I am well aware of that, I'm simply saying that sucks. Doing a recursive chmod or setfacl on a large directory tree is slow as all hell.
Doing it in the kernel won't make it any faster.
You can't safely preserve POSIX semantics that way. For example, even without *ANY* ability to read /etc/shadow, I can easily "ln /etc/shadow /tmp/shadow", assuming they are on the same filesystem. If the /etc/shadow permissions depend on inherited ACLs to enforce access then that one little command just made your shadow file world-readable/writeable. Oops.
Think about it this way:
Permissions depend on *what* something is, not *where* it is. Under
Linux you can leave the digital equivalent of a $10,000 piece of jewelry lying around in /var/www and not have to worry about it being compromised as long as you set your permissions properly (not that I recommend it). Moving the piece of jewelry around your house does not change what it *is* (and by extension does not change the protection required on it), any more than "ln /etc/shadow /tmp/shadow" (or "mv") changes what *it* is.
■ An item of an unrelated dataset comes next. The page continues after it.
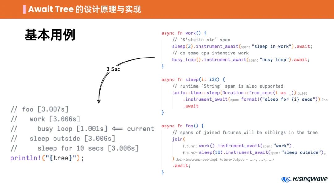 基于上述思想,我们推出了 Await-Tree 这一 Async Rust 的调试工具。顾名思义,Await-Tree 能够在运行时追踪关键 Future (即 await
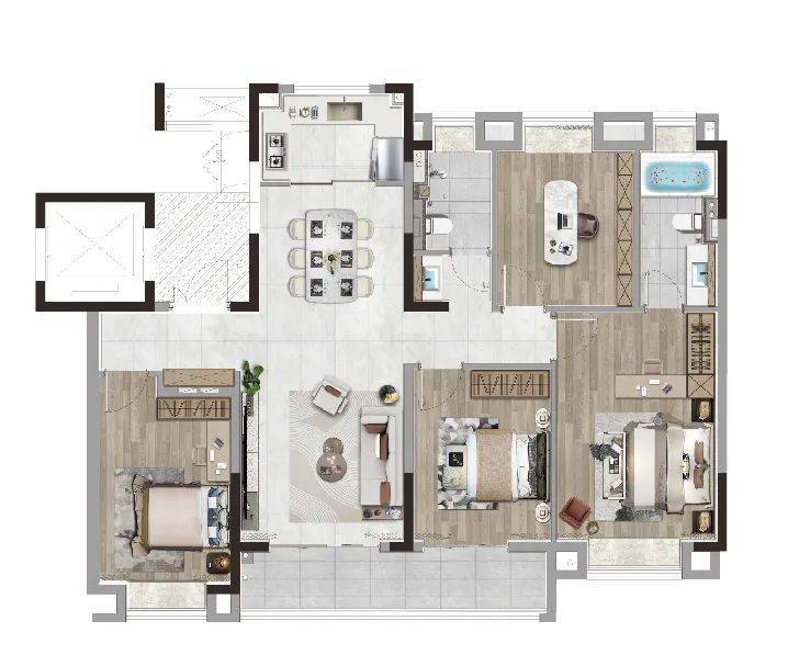对于高端改善客户来说,建面约180户型空间格局,就已经定格未来人居体验的上限。各功能区的互相交融,使日常情感得以交互、交流。

If your /house is really extraordinarily secure then you could leave the jewelry lying around as /house/gems.bin with permissions 0777, but if somebody had a back-door to /house (an open fd, a careless typo, etc) then you'd have the same issues.
Not necessarily. When I do "vim some-file-in-current-directory", for example, the kernel does *NOT* look up the path of my current directory. It does (in pseudocode):
if (starts_with_slash(filename)) {
entry = task->cwd;
} else {
entry = task->root;
}
while (have_components_left(filename)
entry = lookup_next_component(filename);
return entry;
That's not even paying attention to functions like "fchdir" or their interactions with "chroot" and namespaces. I can probably have an open directory handle to a volume in a completely different namespace, a volume which isn't even *MOUNTED* in my current fs namespace. Using that file-handle I believe I can "fchdir", "openat", etc, in a completely different namespace. I can do the same thing with a chroot, except there I can even "escape":
/* Switch into chroot. Doesn't drop root privs */
chdir("/some/dir/somewhere");
chroot(".");
/* Malicious code later on */
chdir("/");
chroot("another_dir");
chdir("../../../../../../../../..");
chroot(".");
/* Now I'm back in the real root filesystem */
The locking penalty is because the path-lookup is *not* implied. The above chroot example shows that in detail. If you have to do the lookup in *reverse* on every open operation then you have to either:
(A) Store lots of security context with every open directory (cwd included). When a directory you have open is moved, you still have full access to everything inside it since your handle's data hasn't changed.
See above. Linux has a very *very* powerful VFS nowadays. It also has support for shared subtrees across private namespaces, allowing things like polyinstantiation. For example you can configure a Linux box so every user gets their own empty /tmp directory created and mounted on their namespace's /tmp when they log in, but all the rest of the system mounts are all shared.